For a split second, I thought, Huh. Go figure. Someone else like me. What were the chances? But then I remembered…

“Jade.” Kale settled for slamming the agent’s head into the wall. The man crumbled to the floor, silent.

We scanned the room, but there was no sign of Jade. I was pretty sure if she were skulking under a desk or cowering behind a potted plant, she would have hopped out by now to lay a sloppy one on her big hero.

“Even when she’s not here, she’s in the damn way,” I mumbled.

Kale either didn’t hear me or ignored the comment. “She must be close.”

I shook my head and backed away a few steps. “I guess it would be bitchy of me to say let’s leave her here?”

The tiniest hint of a smile lifted the corner of his lips. “That would be a bad person move.”

“Depends on your perspective.”

A scream split the air, and the smile was gone, his expression darkening. “Jade,” he breathed and sprinted toward the kitchen.

I followed, trying to focus on the actual disaster of Denazen hitting us at home base rather than the fact that my boyfriend had just dashed off to save the girl who had a mad crush on him. It wasn’t easy.

We rounded the corner and saw another hooded figure moving toward the door. Jade was slung over his shoulder, unmoving. As the man spun to face us, her hair whipped and bounced like a Barbie doll’s, arms swinging daintily across his back. Like a damned fairy-tale damsel in distress. God. She was even annoying while unconscious. Somewhere in the world there had to be a law against that.
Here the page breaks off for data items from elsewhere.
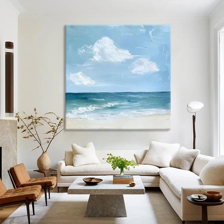 This oil painting captures a serene beach scene, characterized by its impressionistic style. The artist employs thick, expressive brushstrokes that create a textured effect, particularly in the depiction of the clouds and waves. The color palette is subdued, with soft blues and greens in the sky and sea, contrasted by the pale, almost white sand. The light is diffused, suggesting a calm, overcast day. The composition balances the horizon line, dividing the sky from the ocean, and the use of color evokes a tranquil, contemplative mood. The painting's loose, spontaneous technique and emphasis on texture align it with the Impressionist movement, echoing the works of artists like Claude Monet.
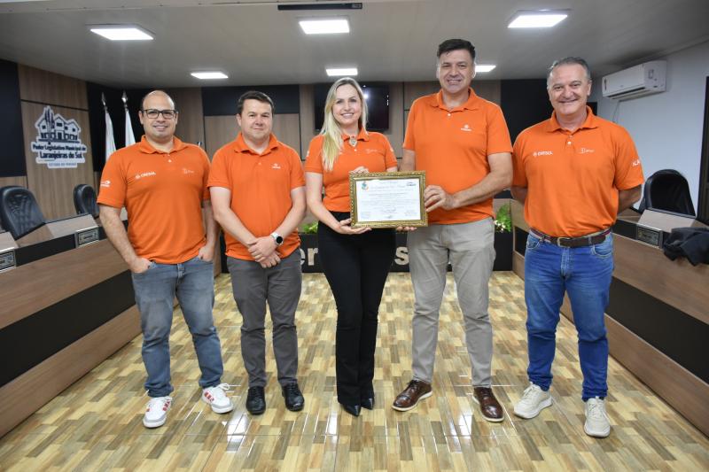 A Câmara de Vereadores de Laranjeiras do Sul entregou uma Moção de Aplausos e Reconhecimento à Cresol Vale das Águas PR/MG, em comemoração aos 30 anos de atuação da cooperativa no município. A homenagem, proposta pelos vereadores Juvinha Viola e Tarso Campigotto, ressalta a importância da Cresol na construção do desenvolvimento econômico e social de Laranjeiras do Sul e de toda a região.
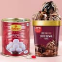 Celebration special wishes are best delivered by gifting this Tasty Haldiram Gulabjamun (1 kg) with Kwality Walls Chocolate Fudge Ice Cream (700 ml) for Bhai-Duj to your family and friends. This Bhaiya Duj gift also contains Free Roli Teeka n Chawal.
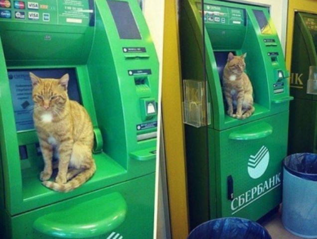 «2009-й год – Герман Греф в костюме кота тестирует работу банкомата», – подписали фото с котом у банкомата пользователи.
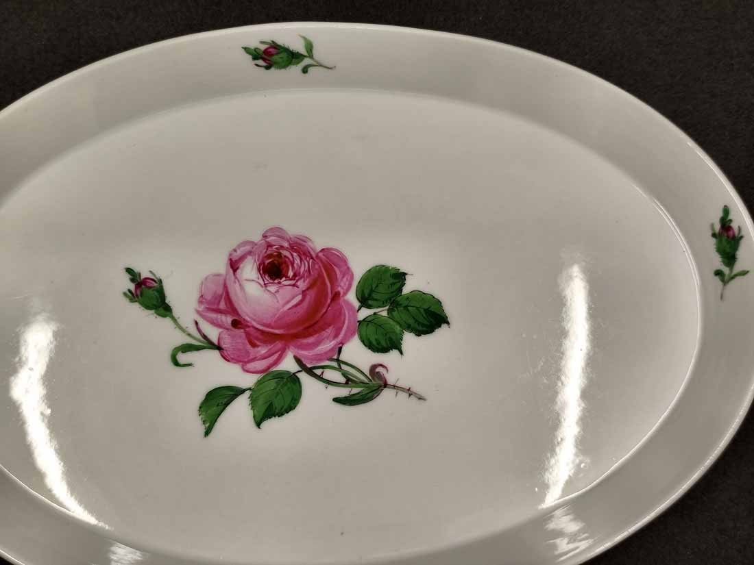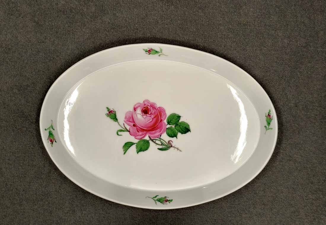 Meissen, Schale oder Tablett, Dekor Rote Rose. Ovale Schale mit Rand, L. x B. 30 x 22 cm, H. 2,5 cm. Sehr guter Zustand ohne Beschädigungen. Herstellungsbedingt der Rand etwas formungenau. Schwertermarke der manufaktur Meissen zwei x gestrichen.
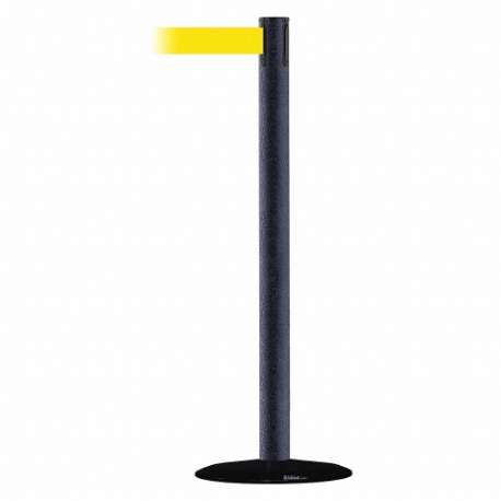 TENSABARRIER 889B-33-89-MAX-NO-Y5X-C Barrier Post With Belt, Steel, Black Wrinkle, 38 Inch Height, 2 1/2 Inch Dia.
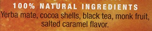-. Feature : Case of 6 boxes each containing 18 tea bags (total of 108 tea bags) / Ingredients: yerba mate, cocoa shells, black tea, monk fruit, natural salted caramel flavor / Steeping Instructions: 3-5 minutes at 190-205F / Caffeinated: Yes / Unique blend of yerba mate, black tea, cocoa shells, and naturally sweet monk fruit / Perfectly balanced with natural salted caramel flavor / Irresistible dessert tea / Add a splash of milk and a bit of sugar for a rich and creamy guilt-free treat / Blended in the USA with natural ingredients from around the world.
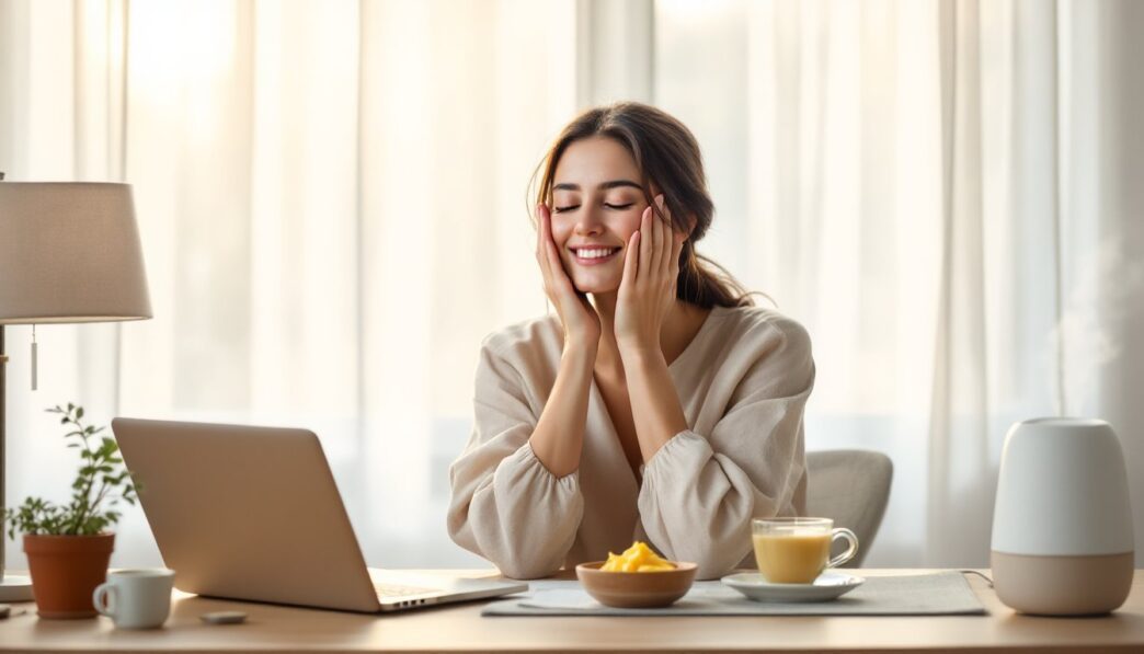 Woman palming her eyes at a desk during a screen break in a sunlit home office.
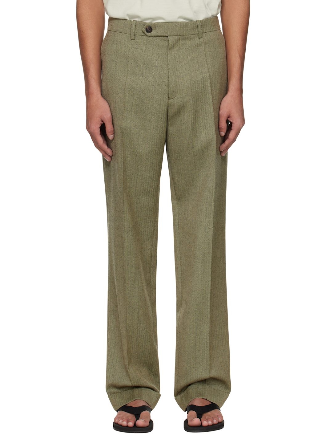 Wool herringbone trousers. - High-rise - Belt loops - Four-pocket styling - Zip fly - Creased legs - Rolled cuffs Supplier color: Black/Pale yellow
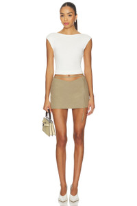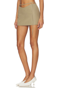 - Self: 54% tencel 48% cotton Lining: 100% cotton - Dry clean only - Fully lined - Hidden back zipper closure - Twill fabric with adjustable waist strap - Skirt measures approx 10" in length - Revolve Style No. BECA-WQ99 - Manufacturer Style No. S25-30770
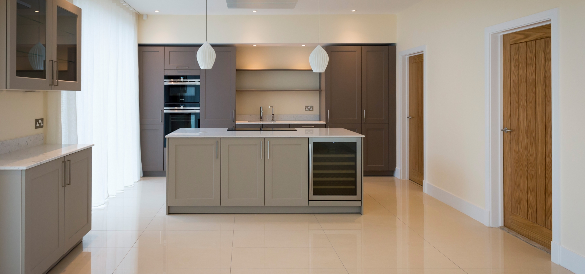 A full height glazed entrance hall features a galleried landing and oak cantilever staircase with glazed balustrade and flows through to an open plan kitchen, dining area and family room. The kitchen is by leading German designers, SieMatic and includes a range of high performance integrated appliances by Siemens.
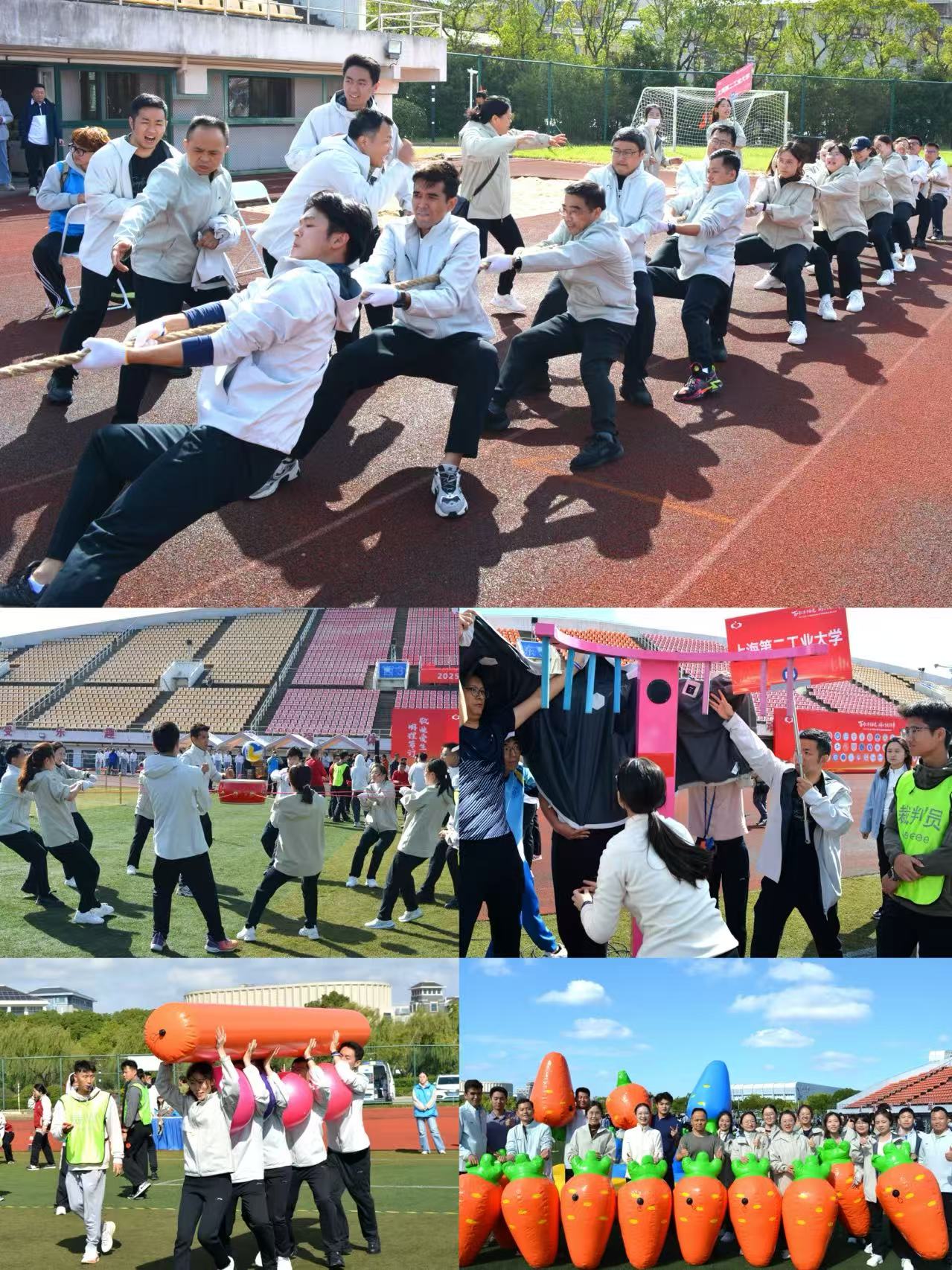 本次活动共设“一鼓作气”“出类拔萃”“携手并进”“眼明手捷”“力拔山河”等五个比赛项目,考验团队的协作精度、应变速度与意志强度。比赛现场,我校辅导员展现出良好的团队精神、拼搏精神和创新精神,“一鼓作气”同心共振,“携手并进”步伐协同,“力拔山河”咬牙凝神聚力,**完成所有**,并充分展现了辅导员队伍永葆“闯”的精神、激发“创”的劲头、发扬“干”的作风。
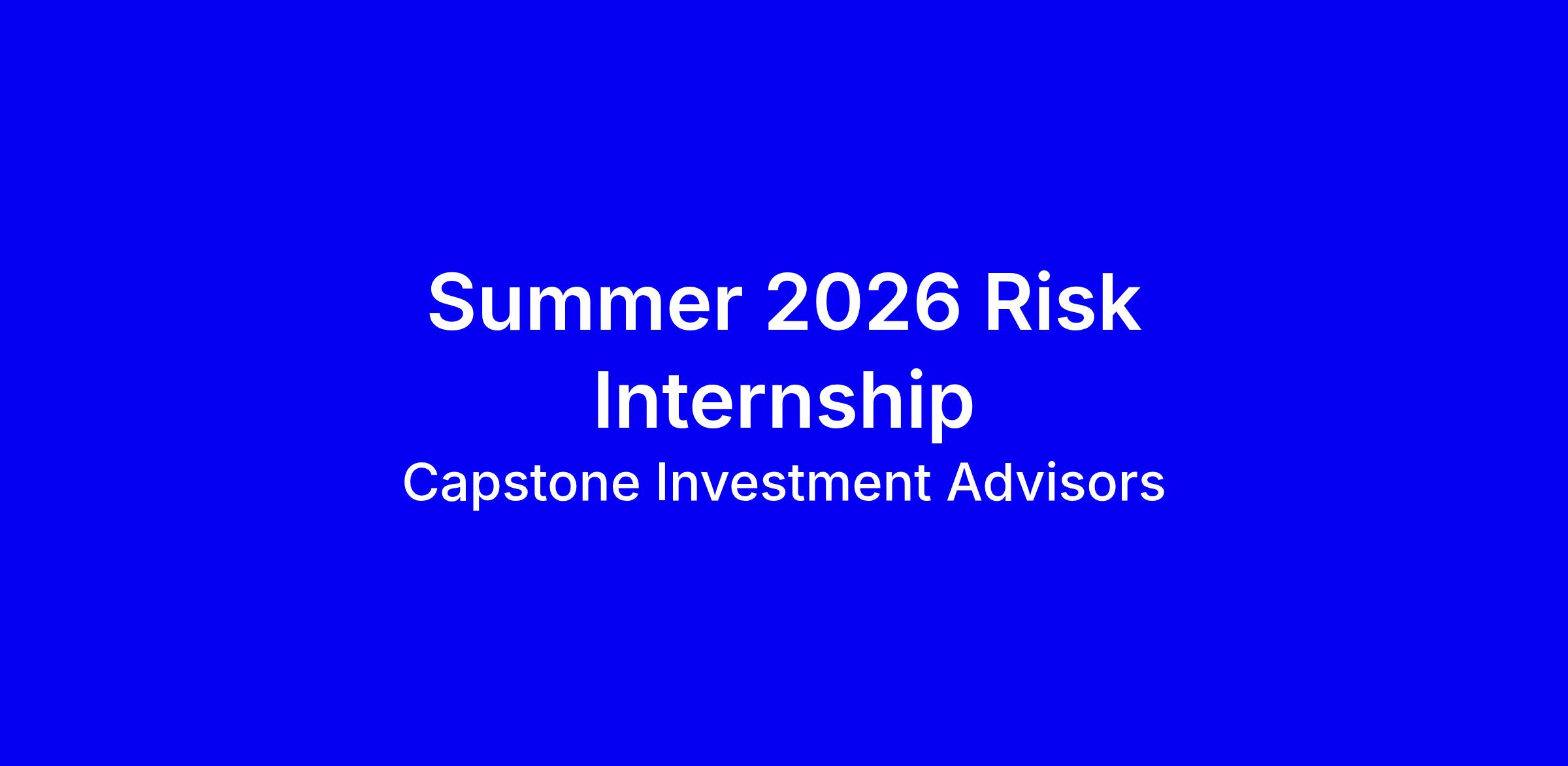 Capstone Investment Advisors is seeking a Summer 2026 Risk Intern for an onsite role in London, with placements in Risk Technology or the Risk team. The Risk Management Team measures, monitors and manages risk across all asset classes, working closely with trading and technology to build tools and analytics. Ideal candidates are current undergraduates or master’s students graduating in 2026 or 2027, in Mathematics, Financial Engineering, Computer Science or related fields, with strong Excel and hands on Python or Java experience, including Pandas, NumPy, sklearn or Dash. Bonus: familiarity with machine learning. In your application, highlight risk analytics projects, coding experience, teamwork, and a demonstrated curiosity about technology and AI. Apply via the Capstone Careers page and follow Capstone on LinkedIn.

Kale sprang into action, charging the man like a runaway train. The guy dropped Jade and tried to sidestep the attack, but he was too late. Kale slammed into him, sending them both to the ground.

I took two steps forward, begrudgingly about to help Jade—even though a little voice was telling me to kick her body under a table and hope Kale forgot about her—when someone grabbed me from behind.

“Miss me, girly?”

That voice crept up my spine like an arctic chill, leaving goose bumps in its wake. One arm locked like a vice around my neck, Able used the other to clamp his hand down over my mouth as he jerked us sideways into the shadows. Out of Kale’s field of vision. A distraction. Jade was playing possum to get Kale out of the way. Again.

Worked like a damn charm, too.

“Daddy sends his love,” Able whispered in my ear. He smelled like Mountain Dew, and I had to force myself not to puke. Mountain Dew was the worst smell ever. Even worse than burnt popcorn.

“Maybe you’d like to send yours?” With each word, his breath disturbed my hair, strands fluttering back and forth to tickle my skin as he held me secure.

As if responding to his closeness, my shoulder began to throb, hammering an uneven rhythm of pain that sent pangs throughout my entire body. The sudden increase messed with my equilibrium and made my heart pump a little faster.

While I didn’t have a license in badass like Kale did, I wasn’t exactly helpless. I sucked in a lungful of air and stomped back, grinding the heel of my foot into the top of Able’s. It didn’t do crap to hurt him—he was wearing thick boots, and I was barefoot—but he did stop to laugh at me. And that was his mistake. While he was busy snorting over my pathetic attempt at freedom, I flung myself forward and threw him off balance. His grip loosened just enough for me to slip free and bolt across the room in Kale’s direction.